Dataset content →
- Opening Delimiter -

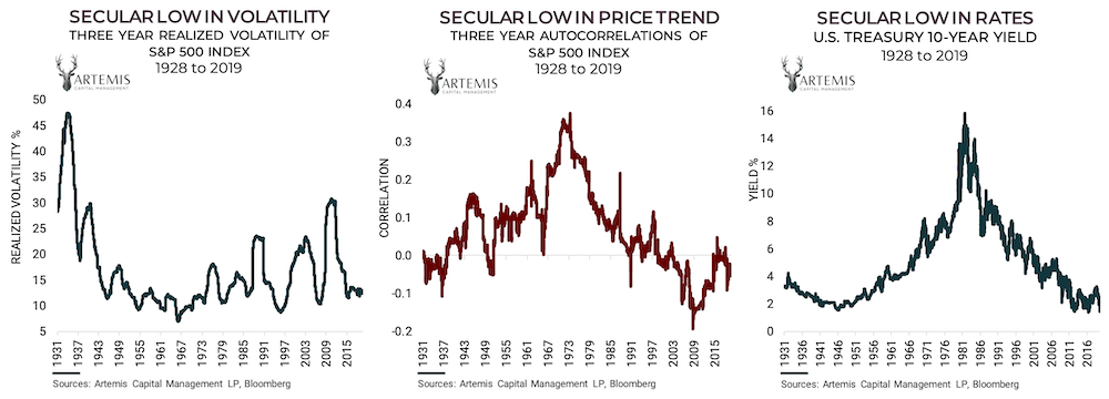 From the diagrams above, you can tell that we’re at an all-time low in 1. Volatility, 2. Asset Price Trending, and 3. Interest Rates for the recent decade. Therefore, many modern investment strategies generate yield based on the assumption that these core economic indexes won’t move away significantly. So applying the same strategies over 90 years would be extremely risky as the model has not been tested nor been hedged against the economic shifting.
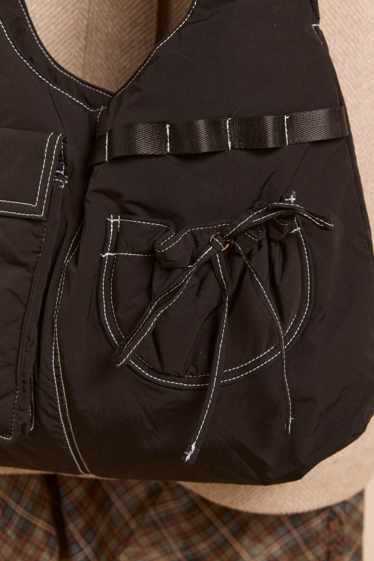 The Multi Pocket Roisin bag in black offers a slouchy style, with multiple pocket details. Designed to be worn comfortably on your shoulder, there’s plenty of room for all your daily essentials. 100% recycled polyester.
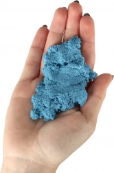 Nisipul dinamic albastru curge plăcut printre degete, își menține foarte bine forma și susține jocul creativ și motricitatea fină.

- Closing Delimiter -

Would you reproduce the lines from the one with "The Multi Pocket" through the final line of the data above, exactly and only those, without any pictures?

 The Multi Pocket Roisin bag in black offers a slouchy style, with multiple pocket details. Designed to be worn comfortably on your shoulder, there’s plenty of room for all your daily essentials. 100% recycled polyester.
 Nisipul dinamic albastru curge plăcut printre degete, își menține foarte bine forma și susține jocul creativ și motricitatea fină.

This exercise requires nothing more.